LDN treatment for Multiple Sclerosis

In May 2000 Dr Bihari reported that four patients with Multiple Sclerosis - MS had shown a surprising and significant improvement in their condition after LDN Treatment. Dr Bihari postulated that the reason for this improvement was due to the same mechanism as in the AIDS patients, an improvement in the immune system due to an increase in endorphin levels. This was hugely controversial as the conventional treatments for MS are generally immuno-suppressant so the immune boosting explanation for LDN’s mode of action seemed to be a contradiction. Without any substantial research to support his hypothesis, the reaction of the majority of neurologists was to dismiss both the idea and the drug.

LDN will not go away..

LDN is perhaps one of the first of a new generation of drugs which has been promoted and preserved by the MS community itself. LDN would just not go away.

Despite rejection by the vast majority of MS specialists and without a research base to build on, the patients who could possibly benefit from the drug kept it alive one way or another. The internet has played a vital part in this incredible story as patients from across the globe compared success stories and fueled the desire to try a treatment that was not being offered by their GPs or Neurologists. It was no wonder that they were keen to try a treatment which was relatively non-toxic and was also effective in two of types of Multiple Sclerosis, primary and secondary MS, which were not suitable for conventional treatment.

The interest in LDN treatment would not go away but the struggle to get a prescription and a prescriber was a considerable challenge for most patients wishing to access this form of treatment. This difficulty has led to some less than optimal practices such as internet or telephone prescribing of the drug without a face to face consultation. For patients desperate for access this treatment these routes of prescribing were a “Godsend”, but for the reputation of the drug and therefore its wider application, this form of prescribing was damaging.

The only real way of getting this treatment to a wider patient group is to involve more medics. This was becoming less likely due to the internet prescribing etc. Doctors were only going to be interested in being involved in the LDN treatment of patients if it could be shown to be based on science and research. Without a pharmaceutical company funding this research it is difficult to give the security to doctors to encourage involvement in prescribing this drug.

But LDN still refuses to go away. Despite the reluctance of conventional medicine to engage with this treatment, there is a dynamic which keeps this treatment going.

Why will LDN not go away? The only reason for this can be the fact that this treatment works for the patients on the ground. There is no other real explanation for its popularity among people with nothing to gain but improved health.
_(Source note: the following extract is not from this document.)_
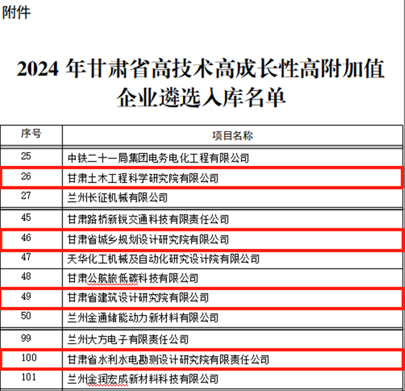 近日,甘肃省科技厅宣布2024年甘肃省高技术高生长性高附加值(简称“三高”)企业名单,甘肃AG亚娱集团集团旗下省建筑设计院、省水电设计院、省城乡计划院、甘肃土木工程院从众多企业中脱颖而出,乐成登上全省首批“三高”企业榜单。

How can the medical profession completely ignore such a potentially effective treatment for such a devastating condition as MS which is so difficult to treat?

Our LDN Treatment website has been set up to encourage greater medical involvement in the prescribing and research of LDN. In partnership with some of the most influential MS charities; LDN Research Trust, MSRC and MS Trust, we aim to improve the status of LDN to ensure that this treatment becomes available to all patients with MS and other conditions that may benefit from access to LDN.

One of the main obstructions to the understanding of how LDN works is of course the lack of research. The endorphin mechanism of action is a possible explanation for its action in MS but it is not the only theory of how it may work. More research is required.